The Linux Letter for
November 22, 2000
Hello again! I'm sure that
this week's installment of The Letter comes as a huge surprise,
especially since there hasn't been one for months. But I finally
decided to drag myself over to the keyboard and do something
useful for a change.
Plenty is new since the last
Letter, more than I can talk about in one column. So hopefully
I'll be able to pull myself together and string a few weeks'
worth of them together for your reading enjoyment.
This weeks topic is high
availability computing. It really doesn't have that much of an
application to the average Linux user, but it's an interesting
subject and one for which Linux is well suited.
A while back, Ebay, the
Internet auction service, was down for almost a day. The company
estimated that it lost about $40 million in business and the
stock price plummeted in response. High availability computing
is an option that companies can use to fight against
catastrophic computer failures like that.

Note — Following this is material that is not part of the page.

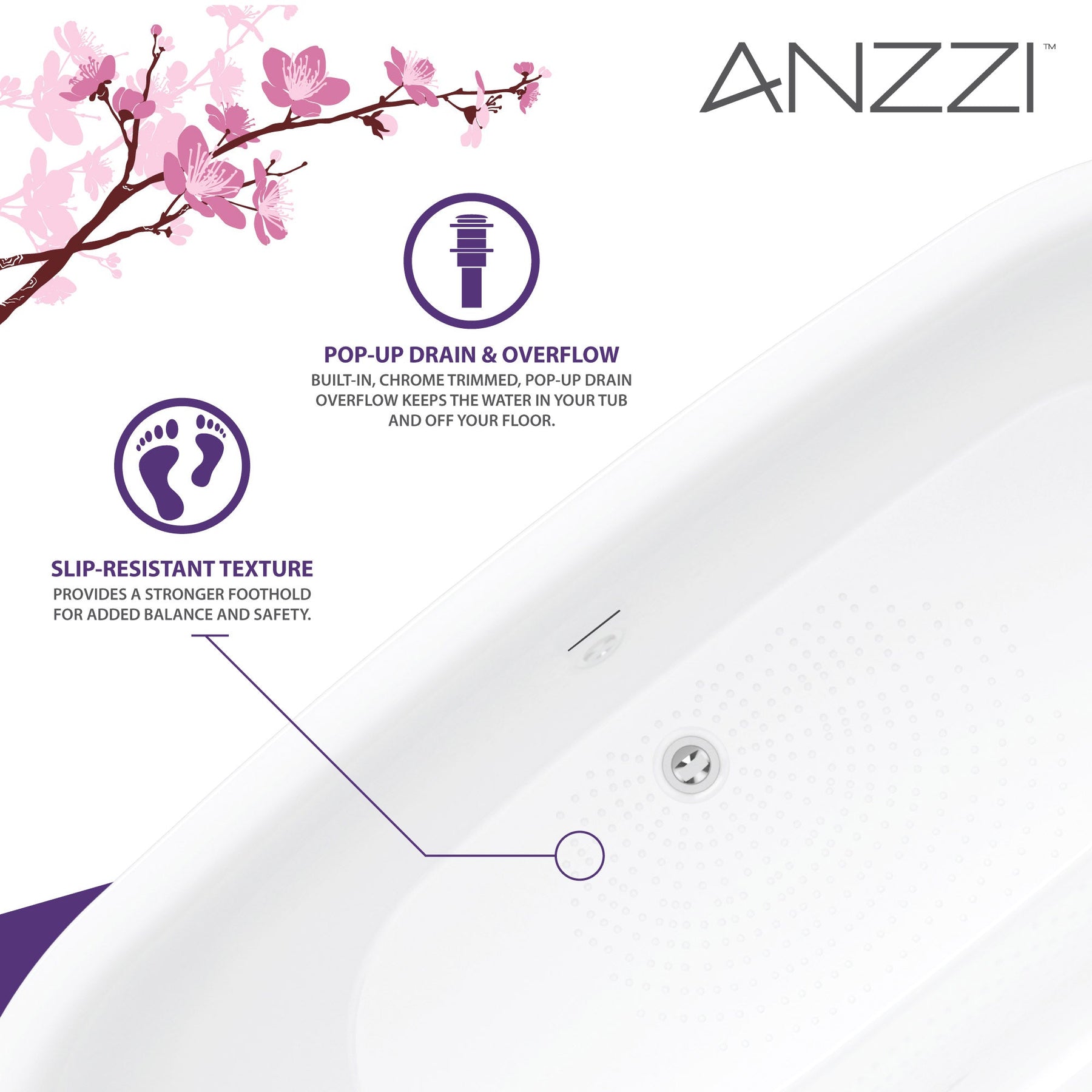 ANZZI Ami 67 in. Acrylic Flatbottom Freestanding Bathtub, Glossy White, Center Drain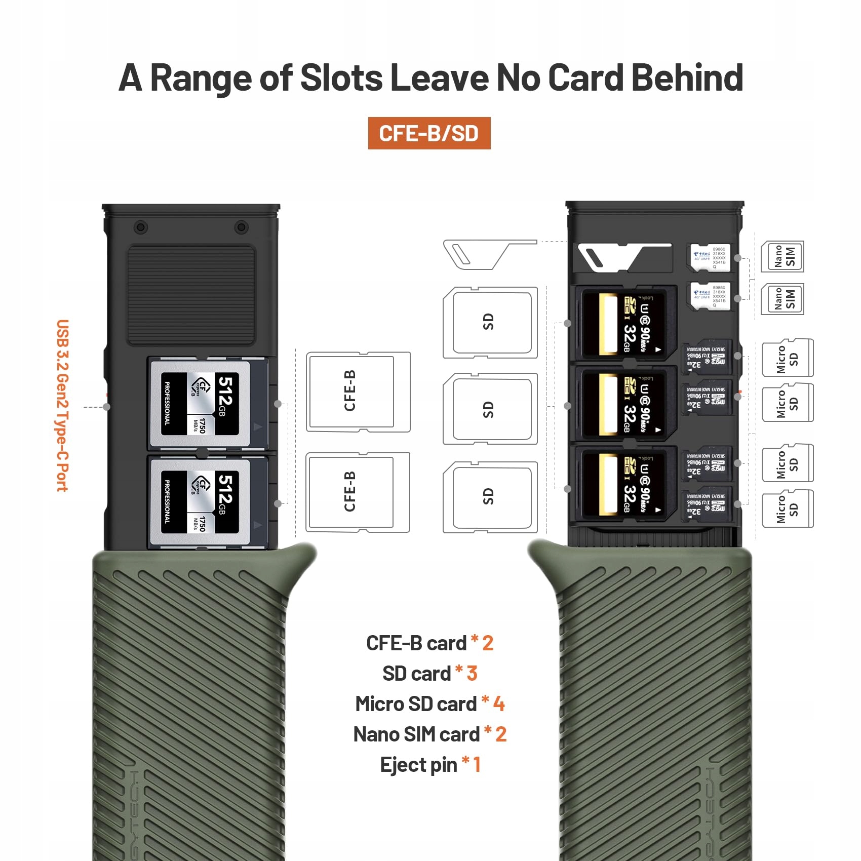 - kick Gen2 забезпечує швидкість передачі 10 ГБ/с. Підтримує картки Cfexpress Cfexpress з теоретичною швидкістю передачі до 1000 Мб/с, підтримує читання SD-карт 4.0/Micro SD (для мікро SD SD потрібно використовувати адаптер) з теоретичною швидкістю передачі до 312 Mb/s. та функції зчитування даних Ultra-Fumpkie. Будівництво з двома відсіками для карт Cfexpress Type B та SD, оснащених інтерфейсом типу C, підключенням та відтворенням. Пам'ять високої ємності: 2 x Cfexpress Type B карта B, 3 x SD -карта, 4 x Micro SD -карта, 2 x Nano SIM -карта, 1 x Викидання Dowel., [IP54 Захист] Корпус виготовлений з інтегрованого алюмінієвого сплаву, він довговічний і довговічний. Внутрішнє та зовнішнє покриття має герметичну структуру розтягування в поєднанні з силіконовим захисним покривом, завдяки якому отримується професійний захист на рівні IP54, який стійкий до падінь, пилу та гідроізоляції., [Всебічна сумісність] високої сумісності з картами CFEXPRESS CFEXPRESS та SD 4.0, SDXC та SDHC-UHS-картами. CFEXPRESS TYP-B/SD зчитувач карт для камер, телефонів, безпілотників та спортивних камер. Сумісний з більшістю Windows 7 та новішими системами, Mac OS 10.6 та новішими, Linux, Android, OS. Ос., Багатофункціональна ручка з викиду - постачається з багатофункціональною аварією викиду, яка служить як інструментом для викидання карт мобільних телефонів, а також тимчасової розсувної викрутки для швидких пластин. [Допоміжне джерело живлення] Обмежений зовнішній інтерфейс живлення забезпечує постійну та стабільну передачу даних у будь -який час.

In order to understand why
high availability systems are important, its necessary to have
an idea about how they work. Designers of the systems analyze
all of the possible ways that a computer system or network of
computers can fail, and then devise schemes to either prevent
the failures or work around them. Other methods of providing
high availability include clustering multiple servers together
and distributing the network load evenly amongst them, a concept
called load balancing.
System monitoring is critical
to high availability computing because if a node in a network
goes down, the rest of the network needs to know immediately so
that data does not become corrupted. Another potential problem
in clustered servers is for a node to fail, then come back to
life without going through a proper startup. If the rest of the
network does not know the status of the node, data corruption is
almost certain.
Functionally, a high
availability system is composed of several nodes, with each node
usually being a separate computer. Special software monitors the
nodes and removes any failed nodes from service, seamlessly
allowing the other nodes to continue to function without
interruption.
The measurement of a high
availability system is traditionally expressed in terms of
uptime. 99.9% uptime is the accepted beginning of high
availability and translates into about 9 hours of downtime per
year. As the number of "nines" increases, so does the
complexity of the system. Of course, increased complexity and
reliability translates directly into increased cost, so true
high availability systems tend to be quite expensive. But, as
demonstrated by the Ebay case, the relative cost can be an easy
amount to swallow.
Linux is a great candidate for
high availability because the operating system's source code is
freely available. The High Availability Linux Project is an open
source attempt to develop such a system by creating software
tools to monitor a cluster of Linux-based computers.
Mission Critical Linux ships a
distribution based on some of the components of the High
Availability Linux Project. SuSE is porting SGI's FailSafe high
availability system to Linux. A high availability HOWTO provides
suggestions for hardware and software to limit downtime.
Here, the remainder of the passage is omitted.